Review: Garden of Sorrow by Dale Mayer

Garden of Sorrow - Dale Mayer

Alexis doesn’t know anything about being psychic until the start of this book. In hindsight, she realizes that her ‘green thumb’ is more than that. She’s a transmitter, a term that makes me think of tech rather than emotions or thoughts.  Stefan shows up again and Maddy is mentioned, but we don’t see her.  

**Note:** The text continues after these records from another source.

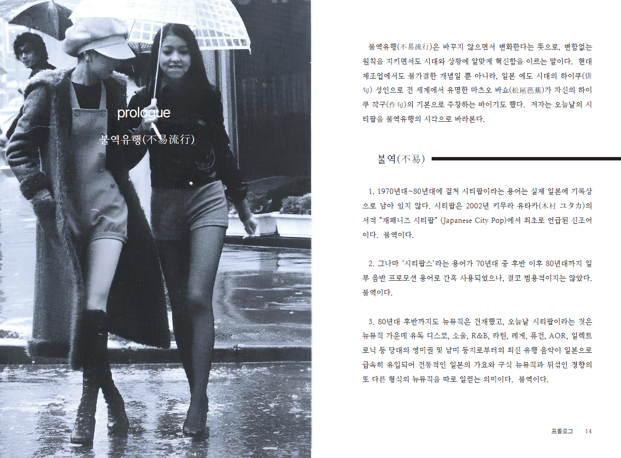 이 시점에서 시티팝을 중심으로 현대의 일본사회와 문화사조를 정확하게 정리해 보는 것은 문화사적으로 매우 의미 있는 프로젝트입니다.
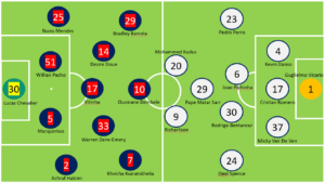 As Paris Saint-Germain set up a defensive block, Palmer slowed his advance and turned his body to face Beraldo directly.Naturally, at the exact moment that Beraldo turned his body towards Palmer, Joao Pedro made a diagonal run behind Belaldo, getting behind the Paris Saint-Germain defensive line and allowing Palmer to play a through ball.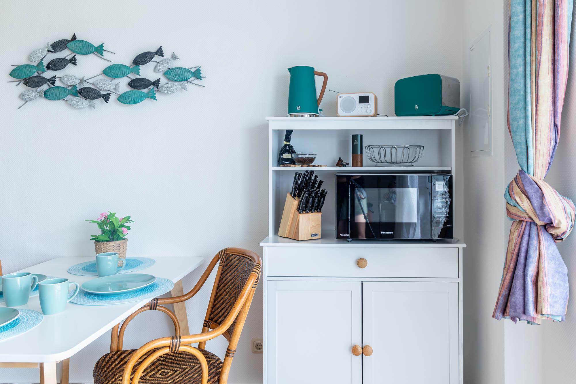 Wohn, Schlaf- und Essbereich sind offen miteinander verbunden, eine kleine Singleküche mit angeschlossener Essecke reihen sich hervorragend ein. Die moderne und gemütliche Einrichtung sorgt mit ihren frischen Meeresfarben für herrliche Urlaubsstimmung. Der Flatscreen-TV befindet sich mittig zwischen dem Wohnbereich und Schlafbereich und kann somit durch einfaches Drehen von beiden Bereichen genutzt werden. Die bequeme Couch bietet bei Bedarf eine dritte Schlafmöglichkeit.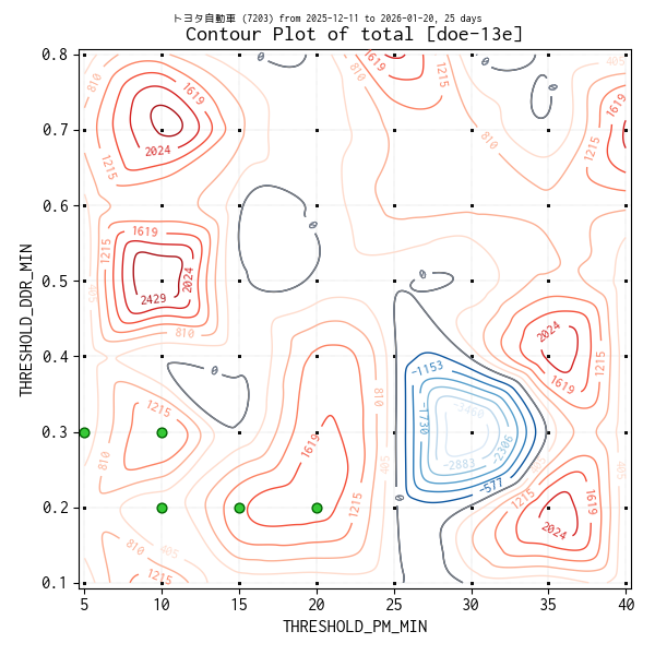 対象のティックデータを補間した等高線図を作成しています。実験点は ・、平均損益トップ 5 の条件は 🟢、平均損益がマイナスになった条件があれば ✖ で表示しています。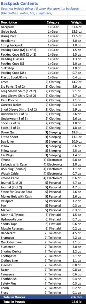 That’s a grand total of… 266 ounces which equals 16.6 pounds. Looks like I’ll make it. (For those of you obsessed with details, an itemized list of the expected contents of my backpack can be found below.)

Review: Hide’n Go Seek by Dale Mayer

Hide'n Go Seek - Dale Mayer

This one didn’t focus as much on the romance as the first one in the series.  I think it works better without the romance focus.  I did like Kali and Grant as a couple a lot more than I liked Sam and Brandt.


The murder plot had several surprises, including two suspects that were a little too obvious.  The killer is the last person I expected it to be.  We spend quite a bit of time in the killer's’ head and it’s a scary place to be.  He’s decided that everyone that’s survived a natural disaster is going against God’s plan and it’s his job to fix it.  The big creep factor for this one is that he know;s Kali and has focused on her, stalking her throughout the book, although she isn’t really in danger until the end of the book,  

Kali is precog and during this book she draws several different scenes that haven’t happened yet.  When she draws she’s in a trance and doesn’t seem to have any idea what she’s drawing.  This confuses her at first, since she’s never considered herself to be a good artist and is really surprised by what she painted the first time - especially after seeing the same scene out in the real world.